Friday, December 9, 2011

Monitoring - Our Basic Principles

So, we decided we'd create our own monitoring tool, to consolidate our monitoring of various systems in one convenient location and to allow our team to be more proactive rather than reactive. I am no expert in this field and as in my current gig -this has been the first time I received the responsibility for maintaining large scale distributed apps (ERP packages, which I worked with before are much simpler).

We had some very simple design goals. What we did not wish to do, was to spend time creating an application from scratch and getting into very complex monitoring scenarios in which we would have to manage an in-house monster. Our desire was to monitor for the 20% most common failures that were causing the 80% of the headaches. This being our idea, I took some time to talk to our OAS app specialist, who outlined the symptoms of the most common failures and how clients see these failures reflected in specific reports. On his suggestion, we decided that the simplest policy would be to monitor specific reports which let you know whether specific components have failed.

So what reports would we look at and what would it tell us?*

  1. Site - Day of Month Delivery Information --> Are base transformers running?
  2. Site - Hour of Day Delivery Information --> Are the base transformers running in real-time?
  3. Site - Browser Delivery Information -> Because information summary tables are dependent on Nightly execution (one phase at least), looking at this report for the current day can give us hints of whether Nightly executed or not -it could execute partially, but we are only doing a general health check.
  4. Inventory - Site Detail Forecast --> Like the previous report, this also gives us clues about Nightly's execution
  5. Reach & Frequency - Site Reach by Date --> Are UV transformers running?
  6. Last RLC --> Failure in RLC can have many causes, so it is just a good place to monitor.
*Bear in mind that we are aware that most of the monitoring can be done with tools such as Nagios. However, our situation is we do not have access to our client's monitoring tools and we have many environments to monitor.
This monitoring that we are doing allows us to get a sense of whether all is fine, using more "junior" staff, if there are problems we then escalate. This saves us valuable time! In our tool, we also decided to collect information from other sources (non-API).

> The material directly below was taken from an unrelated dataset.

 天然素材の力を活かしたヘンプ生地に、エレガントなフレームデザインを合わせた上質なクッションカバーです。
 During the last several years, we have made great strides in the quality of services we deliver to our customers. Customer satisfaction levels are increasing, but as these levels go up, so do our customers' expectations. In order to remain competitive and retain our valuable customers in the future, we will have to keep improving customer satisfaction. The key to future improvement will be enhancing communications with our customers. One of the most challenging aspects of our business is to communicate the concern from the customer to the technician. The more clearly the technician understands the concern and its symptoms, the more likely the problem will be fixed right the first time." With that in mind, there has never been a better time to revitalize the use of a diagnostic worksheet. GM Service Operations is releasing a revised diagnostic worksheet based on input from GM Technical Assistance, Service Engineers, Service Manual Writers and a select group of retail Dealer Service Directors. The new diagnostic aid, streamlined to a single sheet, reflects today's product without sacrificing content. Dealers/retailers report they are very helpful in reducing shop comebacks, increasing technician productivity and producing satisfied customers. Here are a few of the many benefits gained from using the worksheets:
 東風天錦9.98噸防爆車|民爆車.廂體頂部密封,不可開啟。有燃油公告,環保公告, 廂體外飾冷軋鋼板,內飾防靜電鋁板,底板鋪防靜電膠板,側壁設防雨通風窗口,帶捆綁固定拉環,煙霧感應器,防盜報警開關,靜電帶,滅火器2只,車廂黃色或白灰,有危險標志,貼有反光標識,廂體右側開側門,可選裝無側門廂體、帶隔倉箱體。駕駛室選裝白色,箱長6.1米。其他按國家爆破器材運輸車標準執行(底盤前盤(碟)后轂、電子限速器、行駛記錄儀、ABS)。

Thursday, December 8, 2011

Monitoring tool using the API

Looooong time no post! Was extremely busy with projects and issues here at work. However, I am extremely excited about a project I developed with help from a work buddy.

A little background, we have about 15 clients that have their box installation of OAS (with over 200 servers). We have an extremely compact team, relative to the size of our clients and yet we are responsible for maintaining proper functioning of all these servers. OAS does offer some rich set of monitoring options which send e-mails, that gives status updates on key components, but our experience has been that receiving around 100-150 e-mails a day has caused overload and made this type of monitoring not too effective.

We decided to create a very simple monitoring system, looking at OAS from the client perspective and making our frontend team responsible for proactive support -and they are much larger in number.

In my next few posts I will outline our concept as well as upload the tool and code.